§ Records for the exercise:

[Start of Attachment]

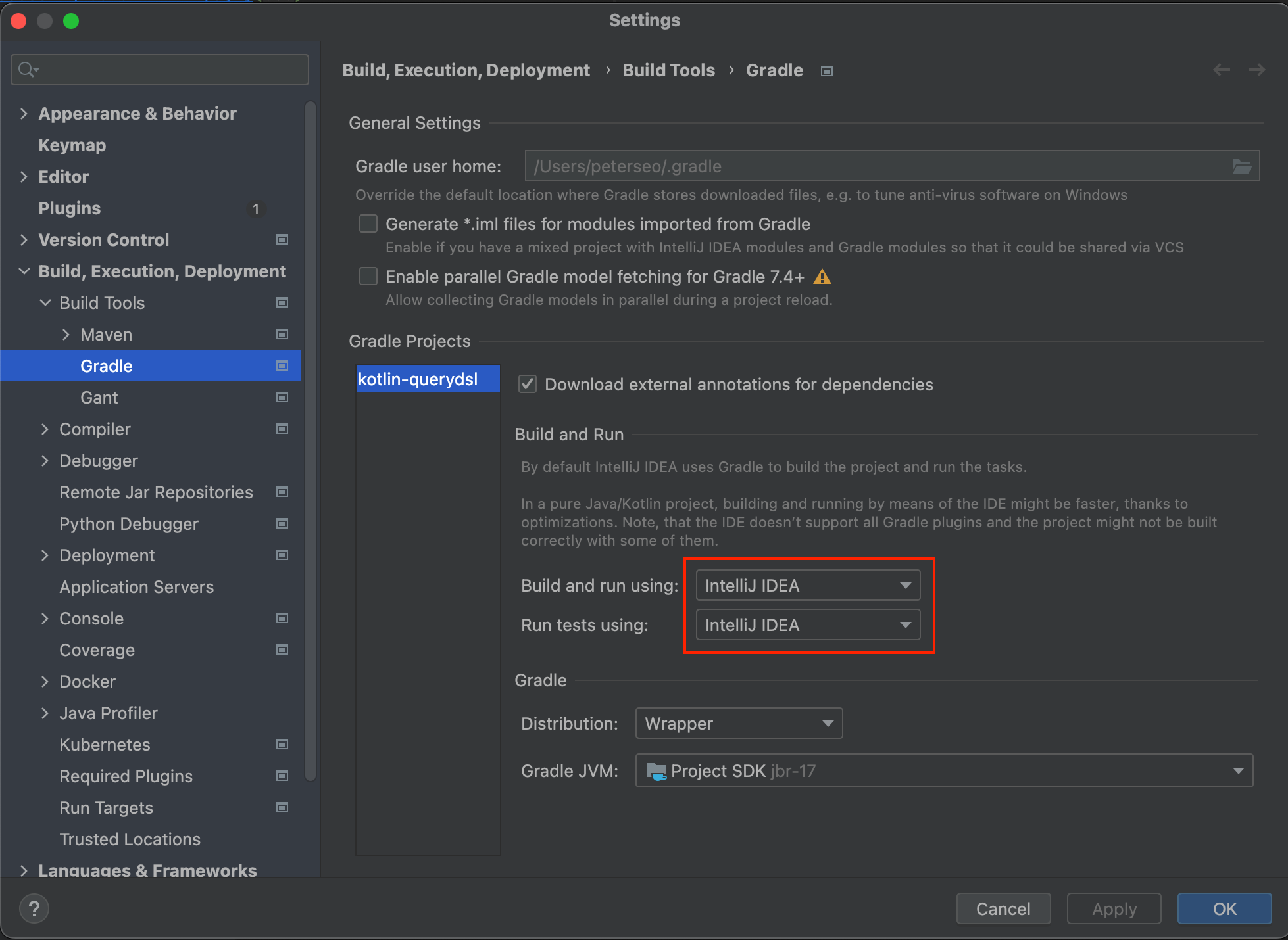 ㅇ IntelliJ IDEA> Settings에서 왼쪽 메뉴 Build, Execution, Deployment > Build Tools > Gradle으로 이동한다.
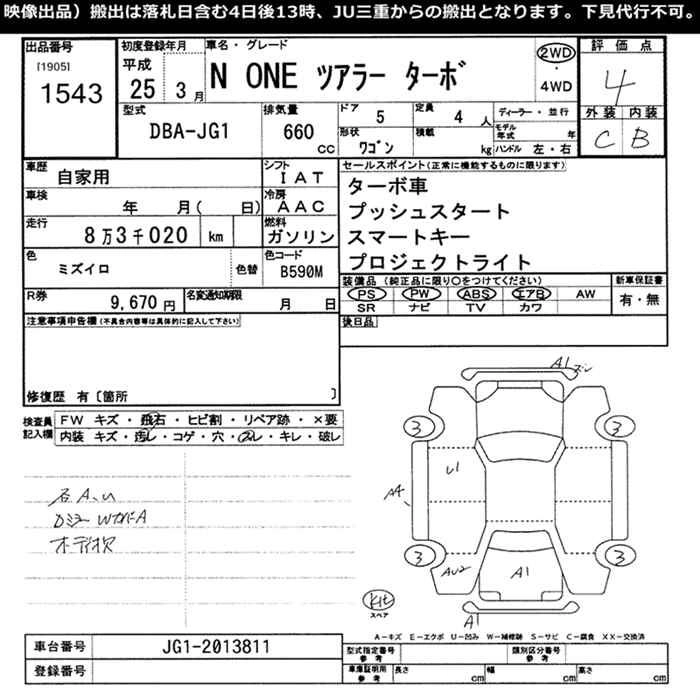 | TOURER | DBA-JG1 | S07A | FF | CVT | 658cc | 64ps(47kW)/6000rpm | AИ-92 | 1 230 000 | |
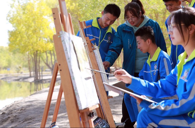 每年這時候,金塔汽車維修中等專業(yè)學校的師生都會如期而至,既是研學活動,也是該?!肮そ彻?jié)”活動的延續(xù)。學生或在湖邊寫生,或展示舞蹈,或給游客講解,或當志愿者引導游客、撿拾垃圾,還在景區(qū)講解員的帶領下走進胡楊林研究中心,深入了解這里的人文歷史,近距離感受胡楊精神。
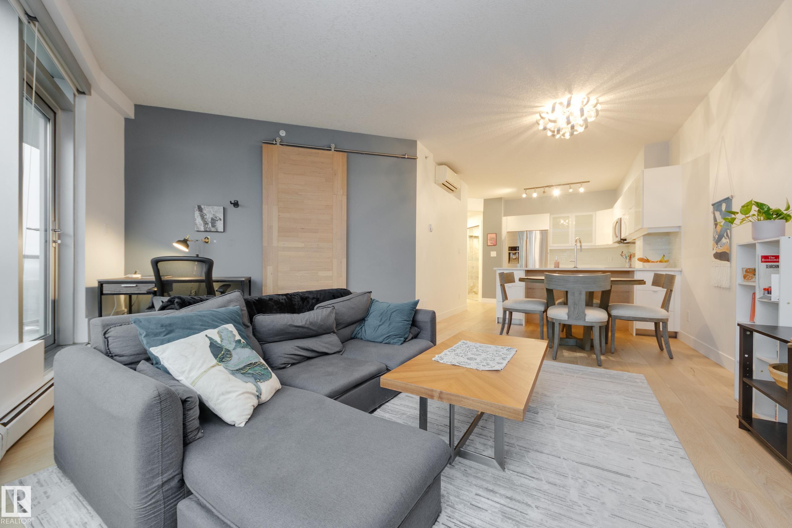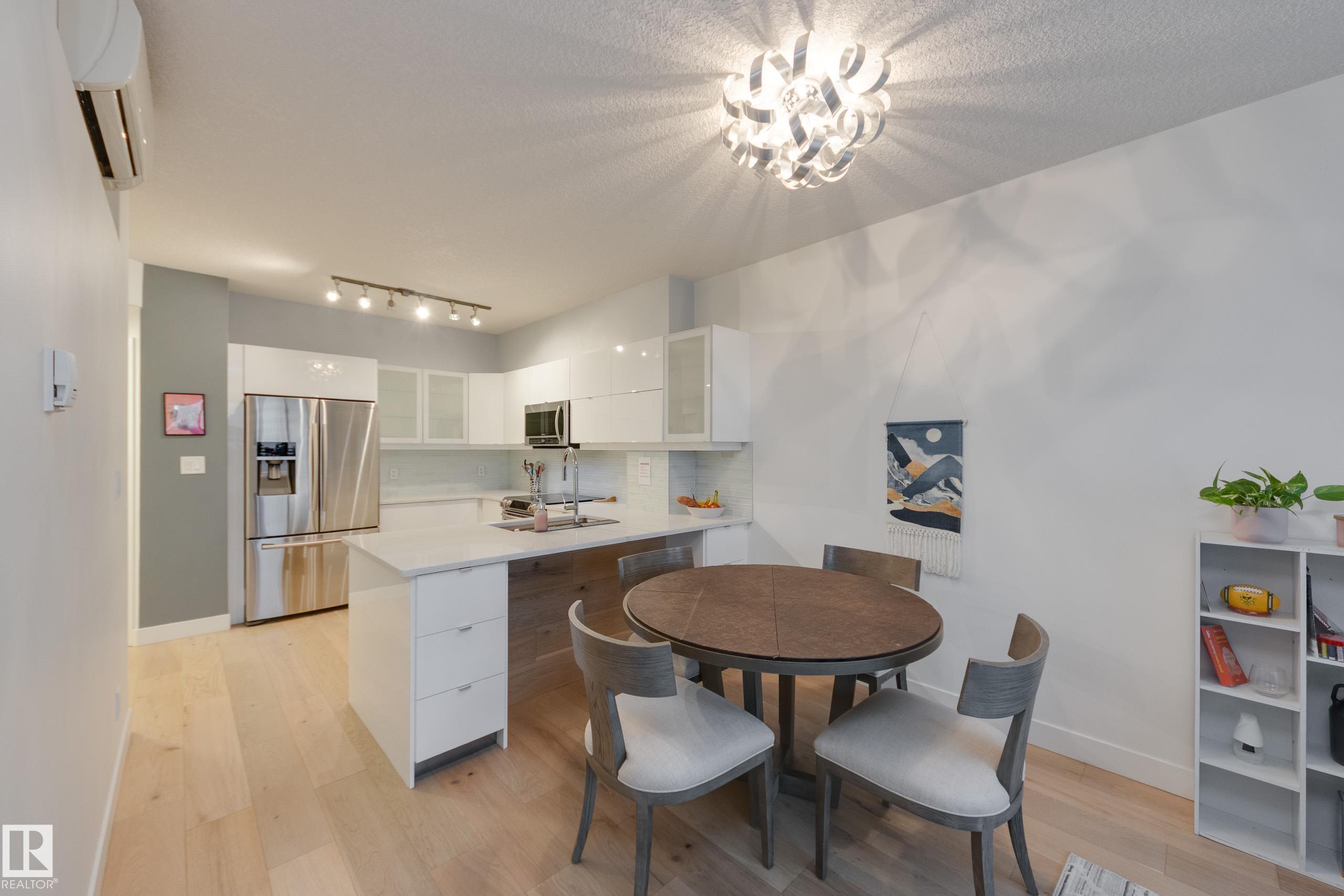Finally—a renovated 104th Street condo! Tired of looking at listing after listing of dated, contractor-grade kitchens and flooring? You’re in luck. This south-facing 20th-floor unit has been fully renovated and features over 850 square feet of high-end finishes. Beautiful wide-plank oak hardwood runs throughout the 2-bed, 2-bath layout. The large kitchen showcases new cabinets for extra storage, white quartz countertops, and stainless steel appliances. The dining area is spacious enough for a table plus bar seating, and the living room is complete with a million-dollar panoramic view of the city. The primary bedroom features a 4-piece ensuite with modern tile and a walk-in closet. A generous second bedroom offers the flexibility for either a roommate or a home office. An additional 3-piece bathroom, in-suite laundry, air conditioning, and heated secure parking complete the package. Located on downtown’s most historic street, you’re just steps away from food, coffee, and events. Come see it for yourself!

[End of Attachment]
[Start of Attachment]

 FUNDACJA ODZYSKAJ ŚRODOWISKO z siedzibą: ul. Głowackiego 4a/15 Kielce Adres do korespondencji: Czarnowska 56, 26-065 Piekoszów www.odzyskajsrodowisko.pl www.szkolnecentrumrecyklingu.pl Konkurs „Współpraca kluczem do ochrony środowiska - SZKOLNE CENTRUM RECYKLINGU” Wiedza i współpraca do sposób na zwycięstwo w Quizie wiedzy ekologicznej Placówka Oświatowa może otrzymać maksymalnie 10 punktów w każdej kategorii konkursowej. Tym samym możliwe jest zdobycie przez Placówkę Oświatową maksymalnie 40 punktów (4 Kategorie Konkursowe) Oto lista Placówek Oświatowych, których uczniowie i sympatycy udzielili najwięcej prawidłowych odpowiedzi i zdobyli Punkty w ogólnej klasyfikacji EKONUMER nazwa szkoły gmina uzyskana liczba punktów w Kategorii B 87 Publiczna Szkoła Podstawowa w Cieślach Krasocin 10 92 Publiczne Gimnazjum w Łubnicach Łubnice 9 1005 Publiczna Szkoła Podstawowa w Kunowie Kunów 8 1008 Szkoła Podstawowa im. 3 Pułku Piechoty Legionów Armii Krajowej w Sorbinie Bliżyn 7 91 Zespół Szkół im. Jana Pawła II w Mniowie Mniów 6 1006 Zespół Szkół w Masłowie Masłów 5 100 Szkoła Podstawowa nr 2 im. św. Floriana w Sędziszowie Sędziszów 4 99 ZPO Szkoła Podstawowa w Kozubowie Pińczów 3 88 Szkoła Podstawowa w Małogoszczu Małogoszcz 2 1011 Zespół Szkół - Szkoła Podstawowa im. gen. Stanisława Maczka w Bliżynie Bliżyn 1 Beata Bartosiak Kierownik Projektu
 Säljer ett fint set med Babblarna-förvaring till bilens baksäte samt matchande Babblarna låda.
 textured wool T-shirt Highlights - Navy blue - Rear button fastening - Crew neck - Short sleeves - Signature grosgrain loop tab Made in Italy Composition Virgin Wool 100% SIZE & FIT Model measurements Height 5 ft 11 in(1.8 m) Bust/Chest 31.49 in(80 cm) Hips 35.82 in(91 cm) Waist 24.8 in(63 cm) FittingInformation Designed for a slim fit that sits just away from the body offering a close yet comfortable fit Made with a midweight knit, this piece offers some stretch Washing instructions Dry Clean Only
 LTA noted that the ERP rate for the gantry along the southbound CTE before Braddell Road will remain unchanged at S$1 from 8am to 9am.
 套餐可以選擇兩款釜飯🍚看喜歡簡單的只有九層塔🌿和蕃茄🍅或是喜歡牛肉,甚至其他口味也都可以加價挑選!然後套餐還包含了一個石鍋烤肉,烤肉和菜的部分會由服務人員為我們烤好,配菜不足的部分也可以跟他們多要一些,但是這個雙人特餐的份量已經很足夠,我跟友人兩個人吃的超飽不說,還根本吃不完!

[End of Attachment]

§ Aim of the task:
In the material above, tally each line where "that" appears, and respond with only the tally.

§ Solution below:
2